With such promising early breakthroughs, nanodiamonds might one day become part of the oncologist’s toolkit.

Clear Diagnosis

Professor Zdenka Kuncic (BSc ’92) is the Director of Community and Research, AINST. She is a physicist whose work lies at the interface between physics and the life sciences.

“Entangled particles” is such a tricky quantum idea it even challenged Albert Einstein. He called it “spooky action at a distance”. But Kuncic and her team are exploring how it can be used to create a new generation of medical scanning technology.

“Very basically, entangled particles are connected even when they’re far apart,” Kuncic says. ”It’s a bizarre concept but it could help us move well beyond the current medical technology of PET scans.”

Positron emission tomography (PET) already detects quantum particles to trace out a picture of organs and tissues at work in the body. Kuncic and her team are looking for a way to use the entanglement of these particles to achieve a level of detail in PET scans that could revolutionise the detection, diagnosis and treatment of disease.

As the Director of Community and Research at AINST, Kuncic is keenly aware of how valuable the new, purpose-built research space is to nanoscience research. “There is no margin for error when you’re working at the nanoscale,” she says.

Super-strong steel

Professor Simon Ringer is the Director of the Sydney Nanoscience Hub and the AINST Research and Prototype Foundry. He is a materials scientist working on the design of next-generation nanostructured materials.

It used to be a fact of steelmaking - it could be either strong or malleable. It couldn’t be both. Professor Ringer and his team are changing all that by creating what they call third-generation steels.

“It is crazy strong,” Ringer says. “But a lot more versatile. So now cars and trucks can be designed so they’re much lighter.”

Ringer is studying small groups of atoms in special architectures called atomic clusters that can create materials with remarkable properties.

His findings can be applied to the production of semiconductors for nanoelectronics, catalyst nanoparticles, and the new ultra-strong lightweight steels.

The steel innovation is significant. Reduce the weight of a car by 100kg and you reduce CO2 emissions by about six grams per kilometre and fuel usage by about half a litre of fuel per 100 km. Extrapolated globally, the potential impact would be gigatonnes of CO2 emissions, gigalitres of fuel and vast amounts of particulates that are not released into the atmosphere.

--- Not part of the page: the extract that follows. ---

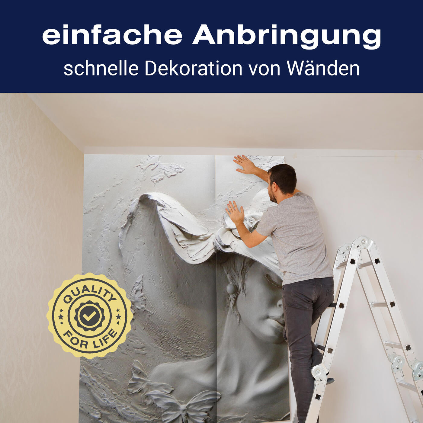 Träumst Du davon, Deine Wände in eine beeindruckende Kunstgalerie zu verwandeln? Mit unserer hochwertigen Fototapete Skulptur Frau Schmetterlinge Gips Wand M4631 ist es jetzt möglich! Jede Wand wird zu einer Leinwand Deiner Kreativität.

“Think back to when smog shut down Beijing,” Ringer says. “Emissions targets are being set around the world. Designing new materials at the atomic scale will help us achieve targets that are good for our lungs and good for the atmosphere.”

Light Work

Professor Ben Eggleton (BSc ’93 PhD ’97) is the Director of the Centre for Ultrahigh bandwidth Devices for Optical Systems (CUDOS) and is an Australian Research Council Laureate Fellow. He is an experimental physicist working on creating the next generation of light-based technologies.

Your mobile phone could soon do much more than you ever thought possible. Eggleton and his team are working on technologies that could leapfrog way beyond 5G into a future of massive download capabilities that will transform mobile communication. “But that’s only a small part of the story,” Eggleton says.

Right now, the integrated circuits in phones are passive information processors and sensors. Eggleton is working to combine the capabilities of light, sound and electronics in nanoscale circuits. These circuits will be able to respond to and influence their environment.

Think of a future in which an entire medical diagnostics lab could be held in the palm of a hand. What now takes a visit to hospital could one day be done at home.

Other applications are all around us. The massive amount of equipment needed to fly an aircraft could be reduced to a tiny chip. Easy monitoring of pollutants such as carbon dioxide, methane and coal particles could change the economics of transport, mining and manufacturing.

“The nanofabrication revolution of the last decade has transformed what’s possible,” Eggleton says. “We’re looking at nationally significant outcomes.”